Work to be completed - In the copy, keep every line below as it is and leave out the pictures.

Source data -
○ ○ ○ ○
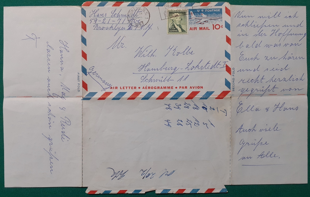 Datiert vom 14.12.1961: Aerogramm "Düsenflugzeug 1" Aerogramm mit aufgedrucktem "Düsenflugzeug 10 C" und zusätzlich George Washington 1 C grün"; gelaufen von Brooklyn (New York City) nach Hamburg; Ausgabe erschienen 1958/1959; schöner Stempel in gutem altersgemäßen Zustand Preis: 2 EURO |
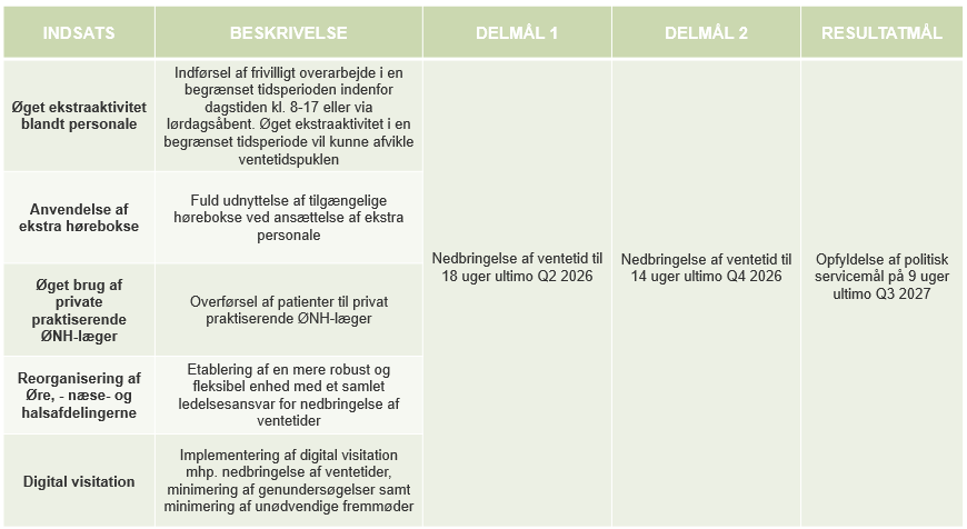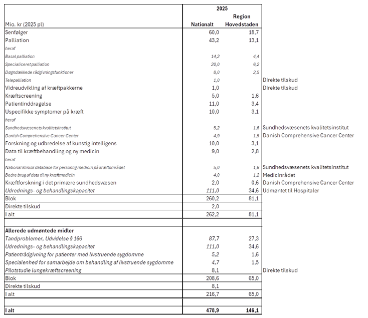 Det fremgår af Forårsaftalen, at midlerne skal anvendes til "at regionerne skal yde en særlig og målrettet indsats til at nedbringe ventetiderne til speciallægehjælp inden for de specialer i hver region, hvor de erfarede ventetider er længst. Det indebærer, at midlerne prioriteres til konkrete specialer, og at det er muligt at måle ventetid fra henvisning til 1. konsultation". Det udelukker, at midlerne anvendes til at udbygge kapaciteten hos øjenlæger og øre-, næse- og halslæger, hvor der ikke er krav om henvisning fra egen læge, og hvor den faktiske ventetid derfor ikke kan opgøres. Det udelukker også, at hospitalerne kan disponere over midlerne via "Aftale om udlægning af behandling af sygehuspatienter til speciallægepraksis". Forårsaftalen fra 25. maj 2025 er vedlagt til orientering i bilag 1.
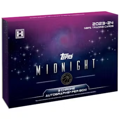 Step into the world of late-night hoops with the 2023/24 Topps Midnight Basketball Hobby Box! Featuring an all-new set for 2024, this box is packed with exclusive content, including three autographs per box, collectible rookie jersey autographs, and an array of stunning inserts and parallels.
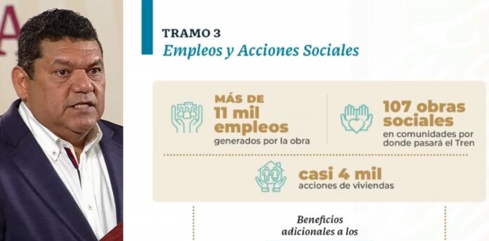 “La fabricación de trenes continúa, se generan 11 mil empleos, en el Tramo 3 las obras avanzan a buen ritmo y sin descanso para cumplir el compromiso de inaugurar en diciembre de 2023”, señaló.
○ ○ ○ ○
Completed task -
 Datiert vom 14.12.1961: Aerogramm "Düsenflugzeug 1" Aerogramm mit aufgedrucktem "Düsenflugzeug 10 C" und zusätzlich George Washington 1 C grün"; gelaufen von Brooklyn (New York City) nach Hamburg; Ausgabe erschienen 1958/1959; schöner Stempel in gutem altersgemäßen Zustand Preis: 2 EURO |
 Det fremgår af Forårsaftalen, at midlerne skal anvendes til "at regionerne skal yde en særlig og målrettet indsats til at nedbringe ventetiderne til speciallægehjælp inden for de specialer i hver region, hvor de erfarede ventetider er længst. Det indebærer, at midlerne prioriteres til konkrete specialer, og at det er muligt at måle ventetid fra henvisning til 1. konsultation". Det udelukker, at midlerne anvendes til at udbygge kapaciteten hos øjenlæger og øre-, næse- og halslæger, hvor der ikke er krav om henvisning fra egen læge, og hvor den faktiske ventetid derfor ikke kan opgøres. Det udelukker også, at hospitalerne kan disponere over midlerne via "Aftale om udlægning af behandling af sygehuspatienter til speciallægepraksis". Forårsaftalen fra 25. maj 2025 er vedlagt til orientering i bilag 1.
 Step into the world of late-night hoops with the 2023/24 Topps Midnight Basketball Hobby Box! Featuring an all-new set for 2024, this box is packed with exclusive content, including three autographs per box, collectible rookie jersey autographs, and an array of stunning inserts and parallels.
 “La fabricación de trenes continúa, se generan 11 mil empleos, en el Tramo 3 las obras avanzan a buen ritmo y sin descanso para cumplir el compromiso de inaugurar en diciembre de 2023”, señaló.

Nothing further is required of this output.